> _PROVIDED MATERIAL_
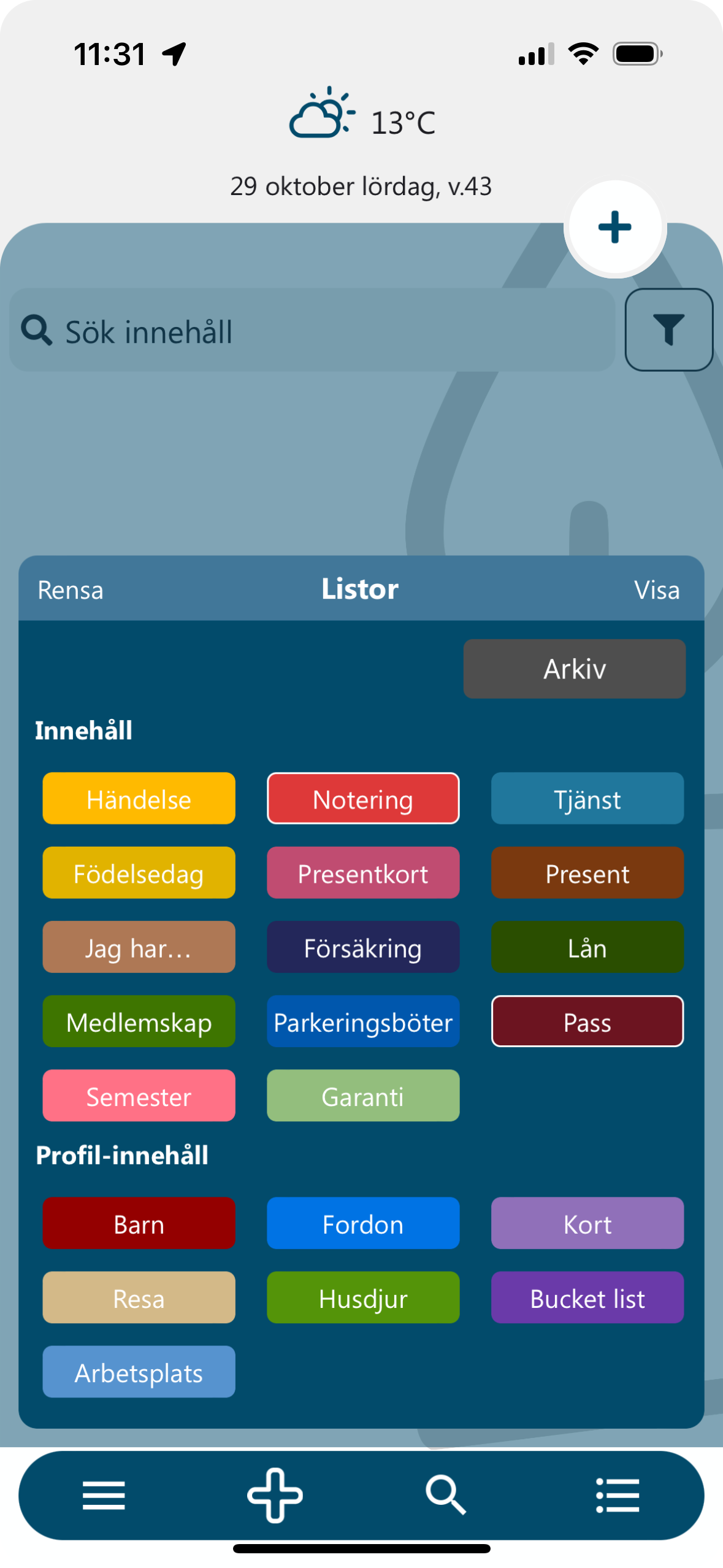 I Pluslife är allt innehåll sökbart, du kan söka på i princip vilken text, datum eller värde som helst och få upp det du söker efter.
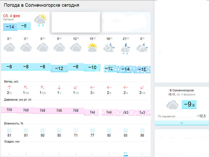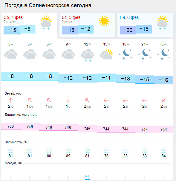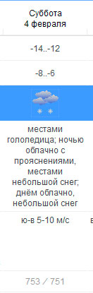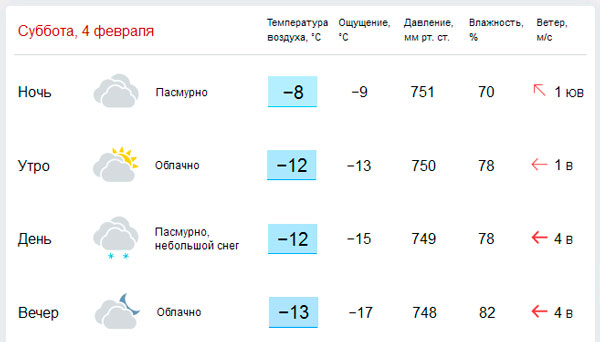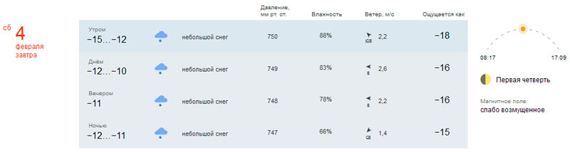 А теперь рассмотрим более подробный детальный прогноз погоды на 4 февраля.
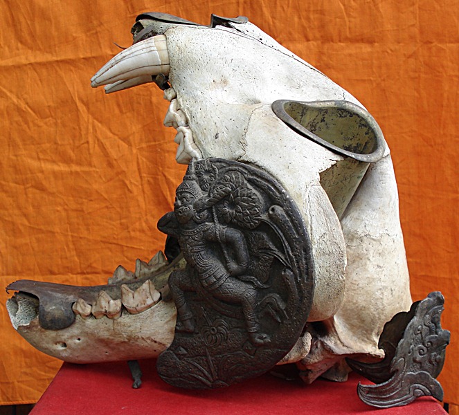 หัวเสือเก่าอายุมากกว่า50ปีขึ้นไปครับสภาพเขี้ยวเสือหายไปเกือบหมดเพราะเจ้าของเดิมไปดุหมอดูทักว่าเป็นของไม่ดีอย่าเอาไว้ในบ้านผลก็อย่างที่เห็นครับเขี้ยวโดนถอดไปเกือบหมดปากยังดีที่เจ้าของเดิมตั้งสติได้เลยนำเข้ามาไว้ในบ้านเหมือนเดิมและก็ไม่มีอะไรที่ไม่ดีเกิดขึ้นกับเจ้าของบ้านเลยครับ ทรงเครืองของหัวเสือสามารถถอดได้หมดทุกชิ้นส่วนครับ(ถอดประกอบได้สุดยอดมากครับ) โทรสอบถามที่087-701-7288
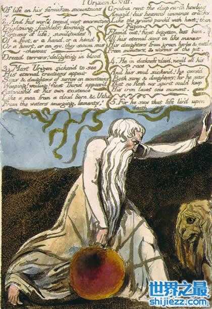 这本书出版于1794年,是由威廉.布莱克、早在1999年以250万美元出售,价值可能更多的今天。这是书是一种paradoy这本书的《创世纪》和小说中的人物Urizen、本书描述了Urizen“primeal牧师”,告诉他是如何与其他分离永恒创造自己的疏远和奴役的宗教教条。

> _WORK INSTRUCTION_
Reproduce the material word for word. Skip every picture it holds.

> _SOLUTION_
 I Pluslife är allt innehåll sökbart, du kan söka på i princip vilken text, datum eller värde som helst och få upp det du söker efter.
 А теперь рассмотрим более подробный детальный прогноз погоды на 4 февраля.
 หัวเสือเก่าอายุมากกว่า50ปีขึ้นไปครับสภาพเขี้ยวเสือหายไปเกือบหมดเพราะเจ้าของเดิมไปดุหมอดูทักว่าเป็นของไม่ดีอย่าเอาไว้ในบ้านผลก็อย่างที่เห็นครับเขี้ยวโดนถอดไปเกือบหมดปากยังดีที่เจ้าของเดิมตั้งสติได้เลยนำเข้ามาไว้ในบ้านเหมือนเดิมและก็ไม่มีอะไรที่ไม่ดีเกิดขึ้นกับเจ้าของบ้านเลยครับ ทรงเครืองของหัวเสือสามารถถอดได้หมดทุกชิ้นส่วนครับ(ถอดประกอบได้สุดยอดมากครับ) โทรสอบถามที่087-701-7288
 这本书出版于1794年,是由威廉.布莱克、早在1999年以250万美元出售,价值可能更多的今天。这是书是一种paradoy这本书的《创世纪》和小说中的人物Urizen、本书描述了Urizen“primeal牧师”,告诉他是如何与其他分离永恒创造自己的疏远和奴役的宗教教条。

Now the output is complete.